2020 Black Lives Matter protester in Portland, Oregon. (Image credit: Noah Berger Photography)

The War on Terror Paradigm and Intersecting Contemporary Civil Uprisings

| Volume 13 | Issue 63

In the past decade, protests have erupted across the world in separate and seemingly isolated contexts. While different in cause and organization, what these global mass-uprisings have in common are the ways they were met with “legal” violence at the hands of the ruling elite. To contextualize their intersections and continuities of power and counterpower, we focus on repressive state responses to the Middle East and Black Lives Matter (BLM) protests in the 2010s and 2020 respectively, grounding these responses within the theoretical framework of the War on Terror Paradigm (WTP) to argue for the global interconnections of repression.
 
The War on Terror Paradigm (WTP) refers to the legitimization and implementation of a violence and warfare which ignores and reinterprets International Humanitarian Laws, namely the 1949 Geneva Conventions.

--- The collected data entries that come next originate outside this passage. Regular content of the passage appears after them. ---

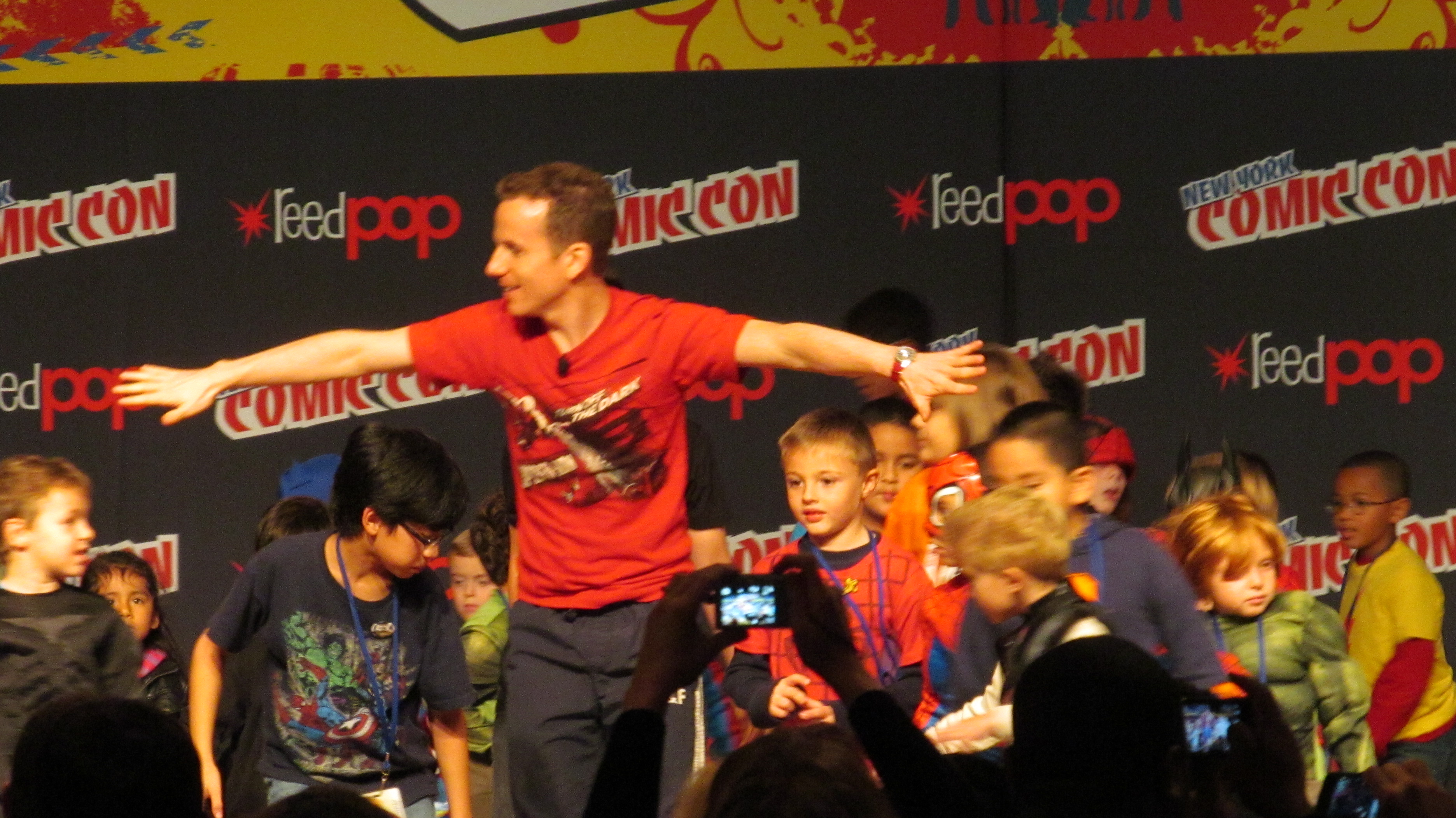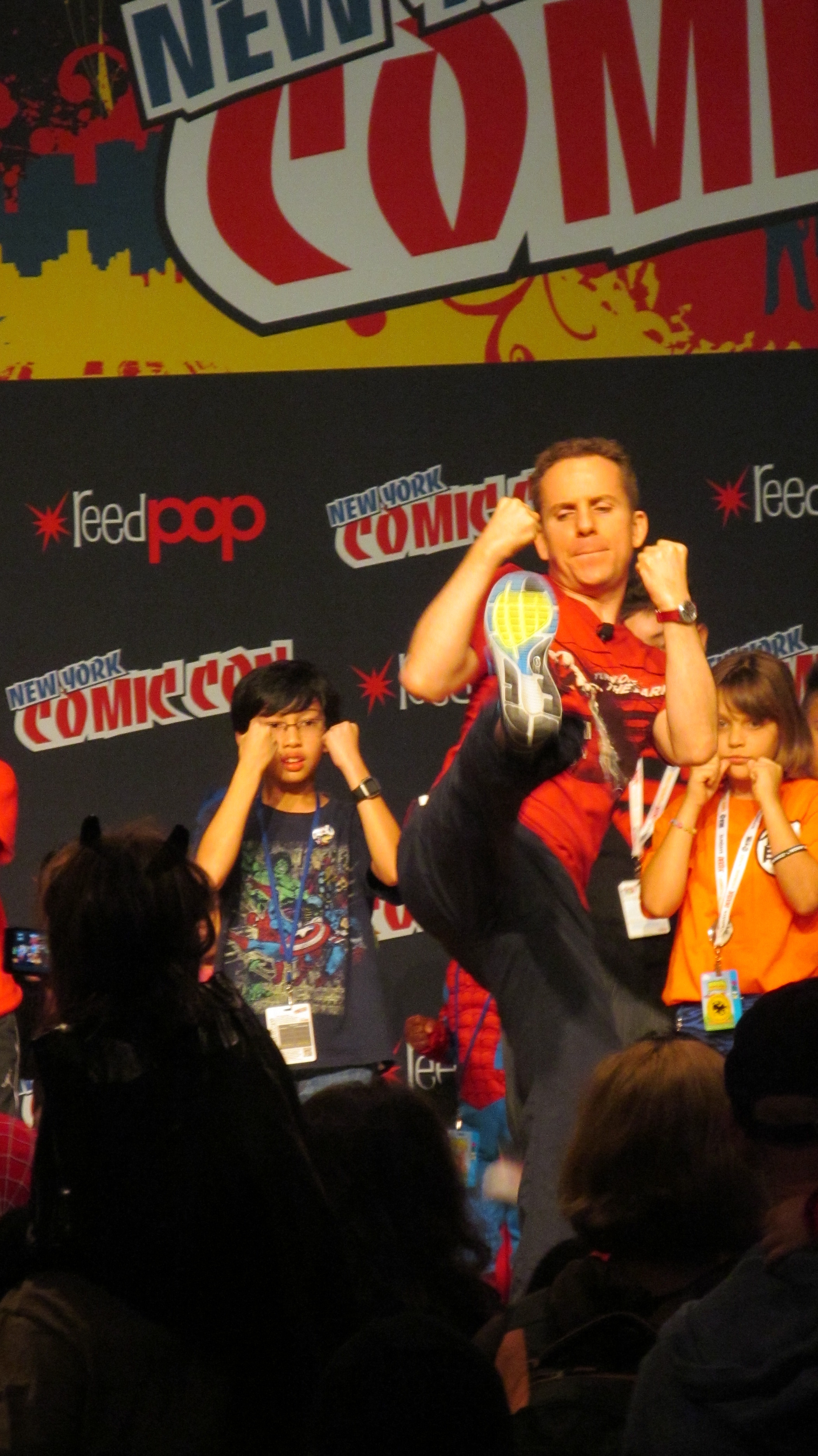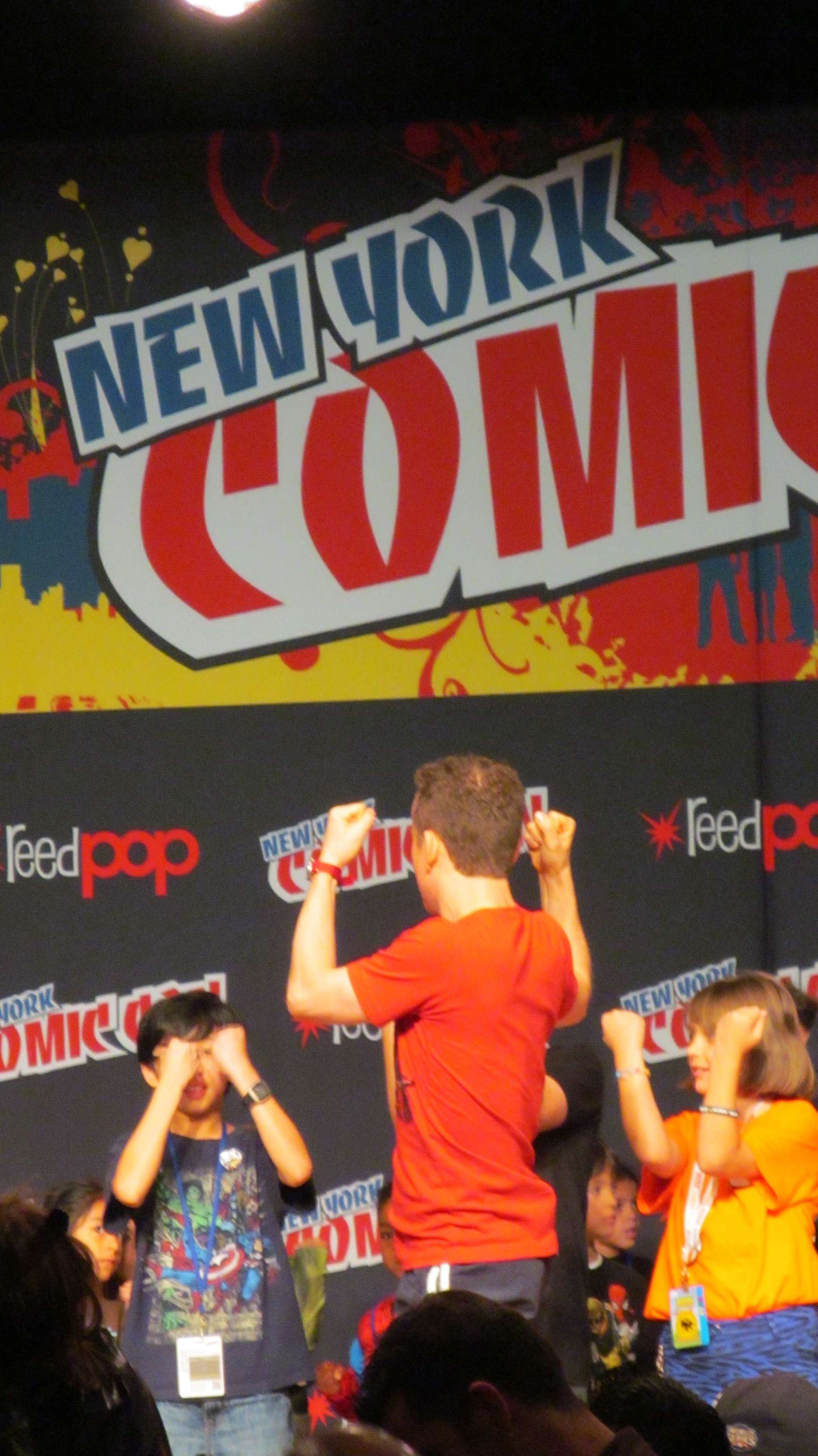 It wouldn’t have been appropriate to hold a New York Comic Con this year without acknowledging the 50th birthday of Marvel’s flagship hero, and there was plenty of merchandise on hand from the con to commemorate it, including a tote bag, t-shirt, and sweatshirt. But Sunday’s birthday celebration was designed to be kid-inclusive while wowing the parents who brought them along. And what’s a party without costumes? All the better that at least half came in Spidey-appropriate gear to hear a live performance by the Broadway musical TURN OFF THE DARK’S Reeve Carney and see some of the choreography from the show. The IGN theatre hosted the event and the tykes trooped in to see the spectacle. Resident Director of the musical, David Ruttura, introduced clips from the show’s production history before Carney gave a strong vocal performance of “Boy Falls from the Sky”, one of the signature pieces from the musical written by Bono and The Edge of U2 fame, complete with three Spider-man back up dancers.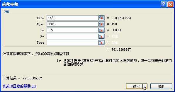 4、单击【确定】按钮,也可以直接向单元格 D3 中输入公式=PMT(B7/12,B6*12, B5),按下 Enter 键得到结果。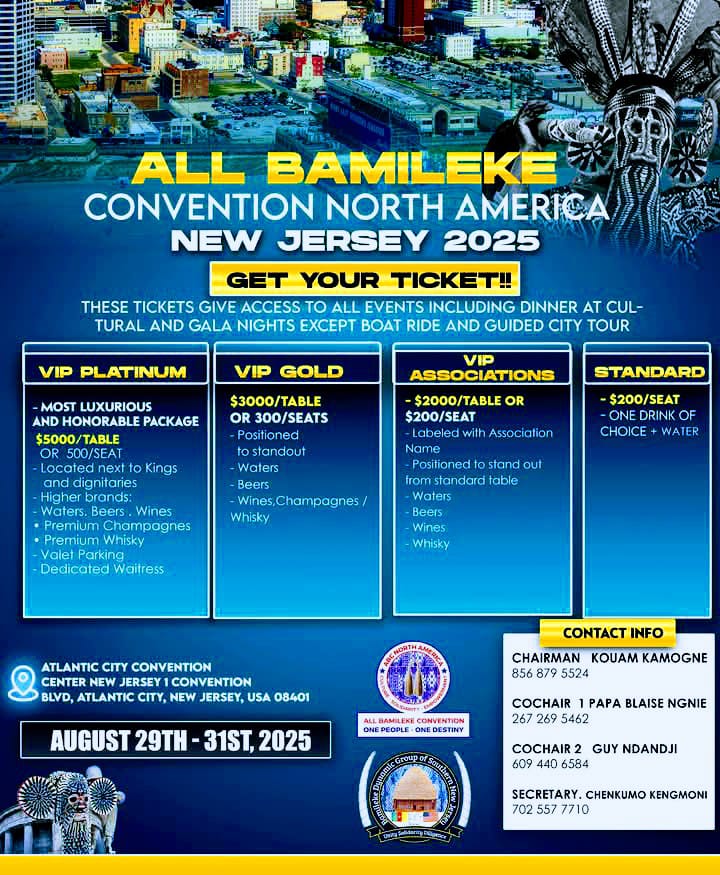 New Jersey, a vibrant destination on the East Coast of the United States with over nine million residents, is the perfect place to experience the excitement of the year’s top events—right between Philadelphia, New York, and Washington, D.C. Join us for the 2025 edition of the All Bamileke Convention (ABC) North America, an event that brings together prominent leaders and dignitaries to celebrate our rich cultural heritage.

Lisa Hajjar, who coined the term, argues that the United States developed the WTP as a result of the September 11, 2001 terrorist attacks. The main elements of the paradigm, which have had significant impacts on the reinterpretation of what is “legal” in warfare, are 1) the “rightlessness” of stateless enemies, 2) justification of violence through judicial logic, and 3) a global influence in other countries responses to opposition.1  These conceptual shifts within WTP have been adopted as policies, rationalized and justified by being framed as “national security” concerns. Ultimately, WTP synthesizes these qualitatively new features of 21st century warfare and provides a language to contextualize, identify, and transgress such policies and actions.
 
WTP continues to be extremely relevant today in a global moment characterized by a rise of authoritarianism. Internationally, it legitimated the militarization of national police forces by rendering dissent as a threat to “national security” in non-democratic states across the Middle East in the 2010s. Within the United States, it has been deployed against the BLM protests, providing cover for overt state repression against a new national “enemy,” one that is oftentimes labeled as not-peaceful, left-wing extremist, anarchist, and a threat to property.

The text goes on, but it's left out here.